-- Records for this task follows --

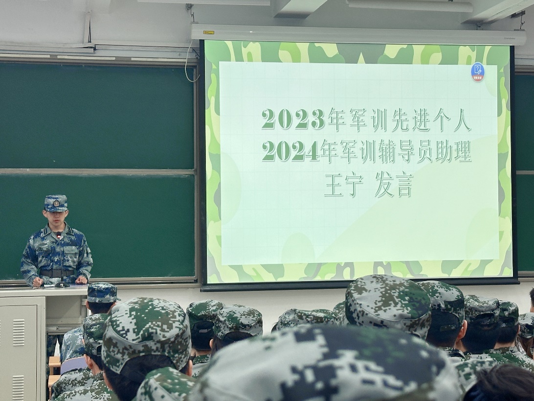 2024年军训辅导员助理、2023年军训先进个人王宁发言,他回顾了自己的军训经历和曾经两年的军旅生活,以切身体会跟同学们分享了军训经验。他鼓励同学们要在军训中调整心态,积极面对;做好准备,安全第一;团结协作,共同进步;珍惜时光,收获成长。他代表全体参训同学表达了听从指挥,严格训练的信念和决心。
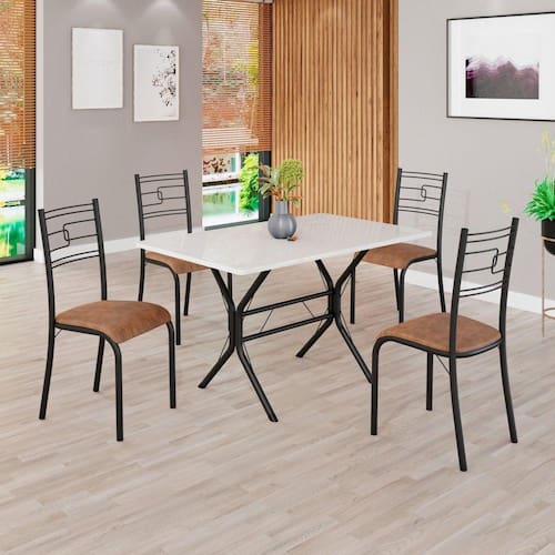 O Conjunto Sala de Jantar Paraty é uma ótima escolha para quem busca combinar estilo e praticidade. Este conjunto apresenta uma mesa retangular com um design elegante e moderno, acompanhada por quatro cadeiras. A mesa tem uma estrutura em aço, que oferece estabilidade ao conjunto. O tampo em madeira MDP off white apresenta uma estética sofisticada e acolhedora. A tonalidade off white adiciona calor e elegância ao ambiente, enquanto a madeira MDP oferece durabilidade e resistência a riscos e manchas. Essa combinação de cores naturais e resistência prática resulta em um visual clássico e funcional, tornando o tampo em madeira MDP off white uma ótima escolha para aprimorar sua sala de jantar. Medida da Mesa (A x L x P): 75,5 cm x 100 cm x 60 cm Peso da Mesa: 9,54 kg Mesa suporta até: 15.0000 Acabamento da Cadeira/Banco: Pintura Texturizada Ambiente Principal: Sala de Jantar Cadeira/Banco estofada: Somente Assento Estofado Cadeira/Banco Estofada: Somente Assento Estofado Cadeira/Banco suporta até: 120.0000 codigo_ean: 7909903588956 Complexidade da Montagem: Média: pode ser montado por mais de uma pessoa e/ou necessite de maior conhecimento para montagem Cor: C. Marrom / Preto Fosco Cor do Produto: C. Marrom / Preto Fosco De Canto (Canto Alemão): Não Escala de Brilho: Semi-Fosco Espessura do Tampo: 18 mm Formato do Tampo: Retangular Itens Inclusos: 1 mesa, 4 cadeiras, manual de montagem e ferragens. Manual de Montagem e Instalação: https://product-hub-prd.madeiramadeira.com.br/894033/documents/8d84b5c9-1715-4366-8cdd-488b5b84f105800365cjparatybasecabofrio.pdf Material da Base da Mesa: Aço Material da Estrutura da Cadeira: Aço Material do Tampo: MDP Medida da Cadeira/Banco (A x L x P): 90 cm x 36,4 cm x 46 cm Medida do Tampo (L x C x E): 60 cm x 100 cm x 1,5 cm Mesa Extensível: Não Necessita Montagem: Sim Origem do Produto: Nacional Peso da Cadeira/Banco: 2,38 kg Possui Apoio Para os Pés: Não Quantidade de Cadeiras: 4 Quantidade de Lugares: 04 Recomendações de Uso, Manutenção e Limpeza: Usar um pano de tecido macio e seco, evitar detergentes, alvejantes e produtos químicos de limpeza; no tampo usar tecido macio levemente umedecido. Sistema de Montagem: PARAFUSOS
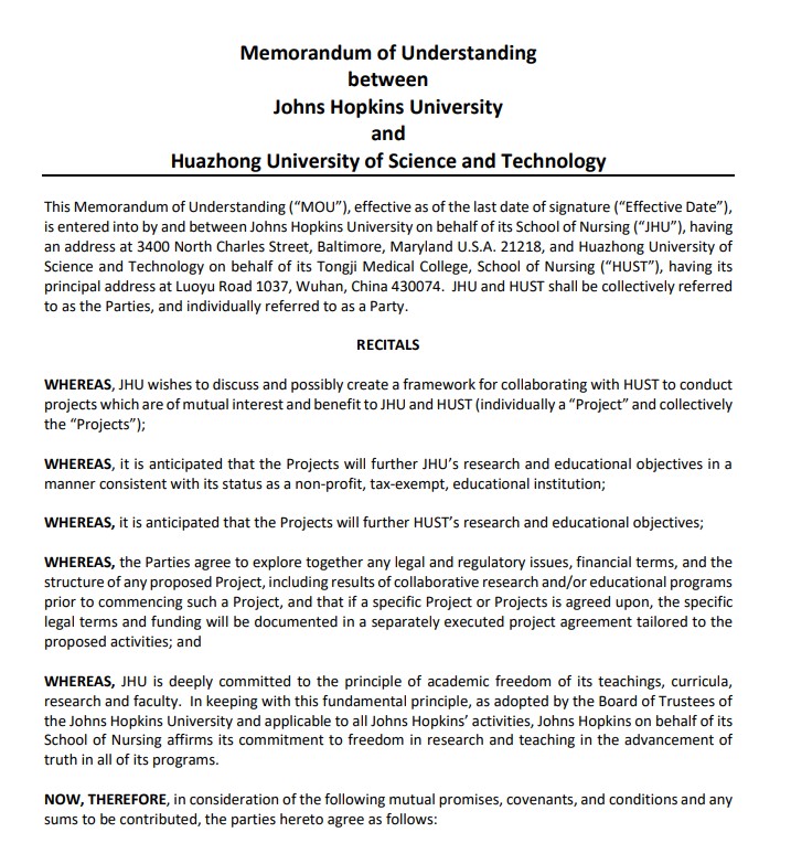 2023年11月,以两校护1683168诸侯快讯官网合作为主体的《约翰斯·霍普金斯大学与16831683诸侯快讯入口合作谅解备忘录》完成续签。两校将延续双边友谊,深化合作共识,共同推动护理学科高质量发展。
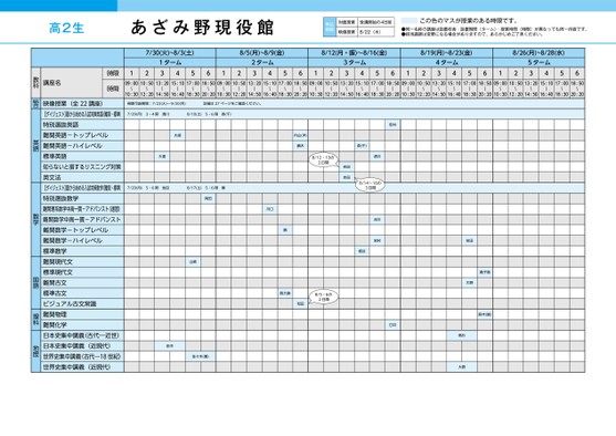 高2生あざみ野現役館申込期限対面授業受講開始の4日前映像授業8/22(木)この色のマスが授業のある時限です。●同一名称の講座は設置校舎・設置期間(ターム)・授業時間(時限)が異なっても同一内容です。●担当講師は変更になる場合がありますので、あらかじめご了承ください。7/30(火)~8/3(土)8/5(月)~8/9(金)8/12(月・振)〜8/16(金)8/19(月)~8/23(金)8/26(月)~8/28(水)1ターム341256122ターム3456123ターム3456124ターム3456125ターム345609:0010:5013:2015:1017:0018:5009:0010:5013:2015:1017:0018:5009:0010:5013:2015:1017:0018:5009:0010:5013:2015:1017:0018:5009:0010:5013:2015:1017:0018:50〜〜〜〜〜〜〜〜〜〜〜〜〜〜〜〜〜〜10:3012:2014:5016:4018:3020:2010:3012:2014:5016:4018:3020:2010:3012:2014:5016:4018:3020:2010:3012:2014:5016:4018:3020:2010:3012:2014:5016:4018:3020:20〜〜〜〜〜〜〜〜〜〜〜〜視聴可能期間:7/23(火)〜9/30(月)詳細は27ページをご確認ください。7/29(月)3・4限清川8/10(土)5・6限森(千)大胡大島内山(洋)鏑木8/12・13の2日間7/29(月)5・6限依田8/17(土)5・6限隣岡田川口隣西大路和田8/5・6の2日間山崎田中佐々木(尊)森(千)清川8/14~16の3日間吉田吉田流川岩村板谷安井臼井依田大野鹿子島鈴木(誠)高杉大野講座名時限時間映像授業(全22講座)【ダイジェスト】夏から始める入試対策英語(難関・標準)特別選抜英語難関英語-トップレベル難関英語-ハイレベル標準英語知らないと損するリスニング対策英文法【ダイジェスト】夏から始める入試対策数学(難関・標準)特別選抜数学難関理系数学中高一貫-アドバンスト(速習)難関数学中高一貫-アドバンスト難関数学-トップレベル難関数学-ハイレベル標準数学難関現代文標準現代文難関古文標準古文ビジュアル古文常識難関物理難関化学日本史集中講義(古代―近世)日本史集中講義(近現代)世界史集中講義(古代―18世紀)世界史集中講義(近現代)教科総合英語数学国語理科地歴●2024年度/夏期講習/東日本/あざみ野/高2生/パターン35602024_56_3_339_32_20240329103407.csv/1ページ校了時削除
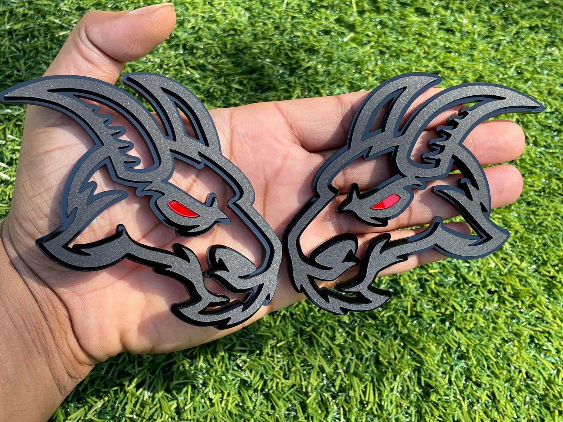 Custom matte Black on Glossy Black Angry Red Eye Goat emblem badge. made of high-quality automotive plastic material that will last the life of your vehicle. has top quality strong bond double sided tape on back, made for all weather conditions. Different colors available.
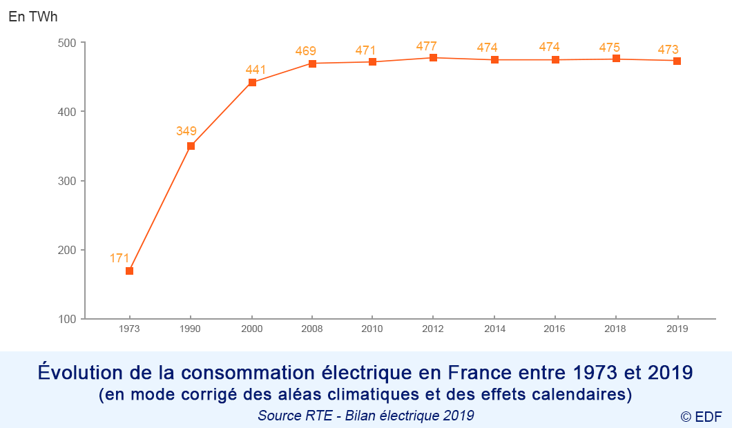 En fait, la dernière augmentation du parc nucléaire, avec la mise en service des 4 réacteurs les plus récents, a eu lieu au tout début des années 2000, donc au moment où la consommation électrique de la France a commencé à se stabiliser.
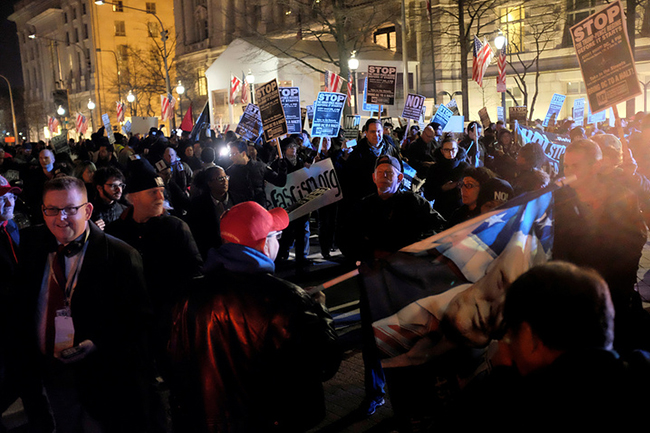 У близини Trump Tower на Менхетну окупило се неколико хиљада људи међу којима су били и градоначелник Бил де Блазио, проповедник Алфред Шарптон, филмски режисер Мајкл Мур и глумци Роберт де Ниро, Алек Болдвин и Марк Руфал.
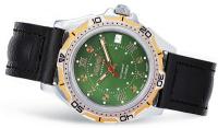Мужские наручные часы Восток Партнер 30159А. Механические с ручным подзаводом. Ремешок изготовлен из кожи. Браслет из нержавеющей стали. Прочное, устойчивое к царапинам минеральное стекло защищает часы от повреждений. На циферблате отображается текущее число месяца. Часы являются водонепроницаемыми до 3 Бар. Цвет циферблата: Серебристый. Цвет циферблата: Желтое золото. Цвет корпуса: Зеленый. На стрелки и отметки нанесен светонакопительный состав, благодаря этому считывать информацию с циферблата возможно и в темноте. Толщина: 13 мм. Гарантия: 1 год.
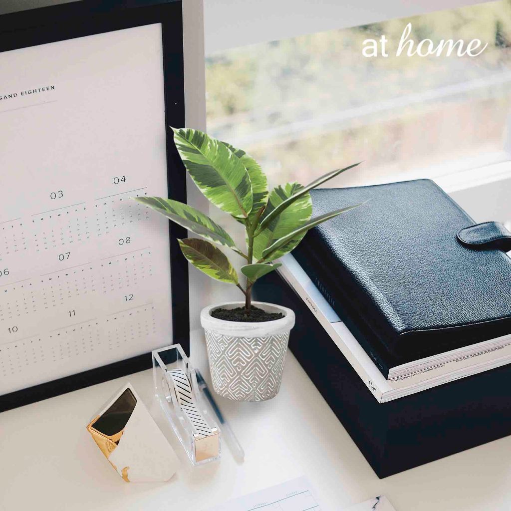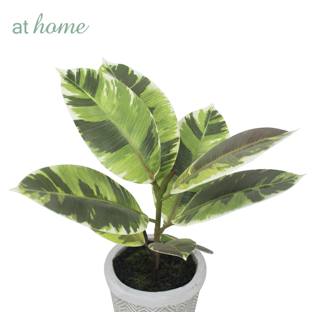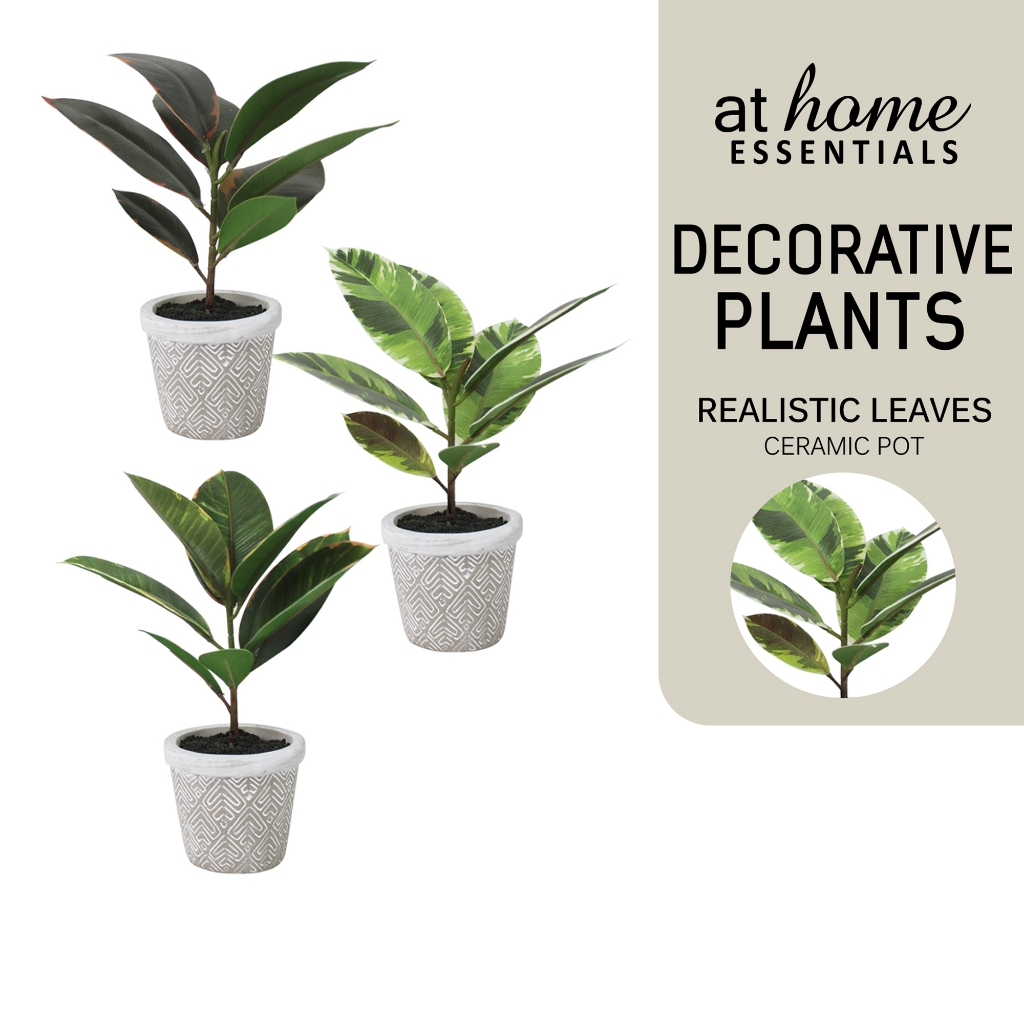 AT HOME Decor Essential Cael Artificial Rubber Tree Plant Ceramic Potted — Decorative Plant
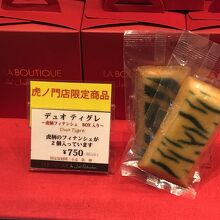 こちらのロブションはイートインがメインの割と大きな店舗。虎ノ門店限定品の虎柄のフィナンシェがありました。
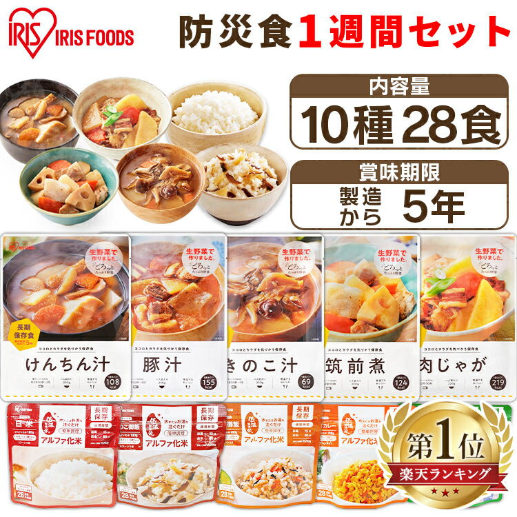 【P5倍★16日10時迄】非常食セット 7日分 非常食 ごはん おかず スープ 10種28食セット 製造から5年保存 防災食 アルファ米 白米 保存食 防災 食品 備蓄 米 食料 レトルト食品 常温保存 長期保存食 備蓄食料 アイリスオーヤマ アイリスフーズ *
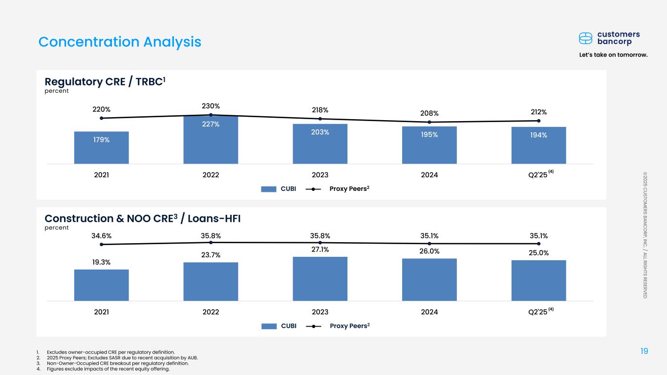 18 © 2025 C USTO M ERS BANC O RP, INC . / ALL RIG HTS RESERVED Let’s take on tomorrow. 1. Includes fund finance, real estate specialty finance, technology and venture, healthcare, financial institutions group, and equipment finance loans. 2. Includes residential real estate, manufactured housing and installment loans. Specialized Lending1 42% Other C&I 7% Multifamily 15% O.O. CRE 7% N.O.O CRE 10% Construction 1% Consumer2 8% Mortgage Finance 10% Installment 1% C&I 14% Multifamily 9% O.O. CRE 4% N.O.O CRE 7% Construction 1% Consumer2 11% Mortgage Finance 17% PPP Loans 37% 6/30/2021 – Loan Composition 6/30/2025 – Loan Composition Key Trends in Lending Activity o Measured growth since 2021 in its specialized lending1 vertical, focused on adding franchise value and building a resilient, tech-forward banking model o Emphasis on strategic de-risking across its lending activities, reducing exposures to higher-risk categories like construction and development and consumer Loan Portfolio: Aligned with a Tech-Forward Model
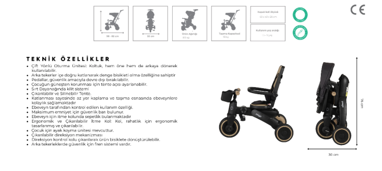 Direksiyon kontrol kolu çıkarılarak ürün bisiklete dönüştürülebilir.
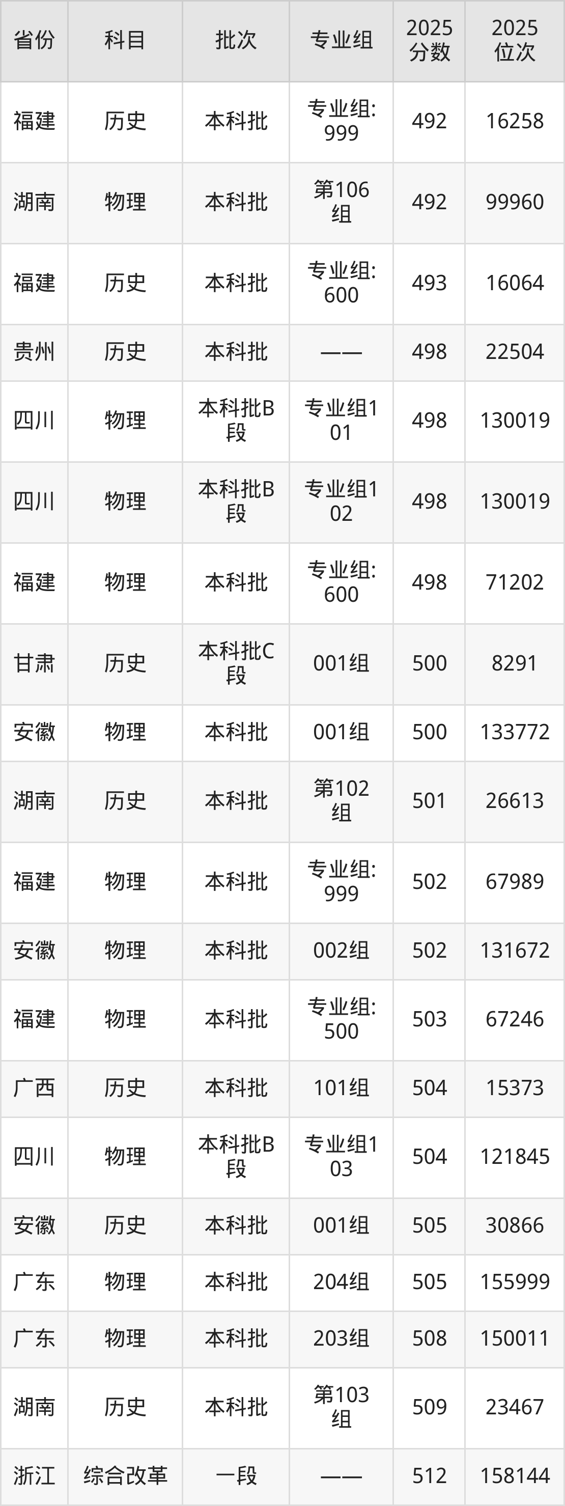 最高录取分数线是512分,对应位次是158144名,招生地区为浙江。

-- Records for this task concluded --

■ **Activity**
Taking the records above, print only and exactly the lines from the line with "こちらのロブションはイートイ" to the line with "アイリスオーヤマ アイリスフーズ *", both kept, and exclude pictures.

■ **Written answer**
 こちらのロブションはイートインがメインの割と大きな店舗。虎ノ門店限定品の虎柄のフィナンシェがありました。
 【P5倍★16日10時迄】非常食セット 7日分 非常食 ごはん おかず スープ 10種28食セット 製造から5年保存 防災食 アルファ米 白米 保存食 防災 食品 備蓄 米 食料 レトルト食品 常温保存 長期保存食 備蓄食料 アイリスオーヤマ アイリスフーズ *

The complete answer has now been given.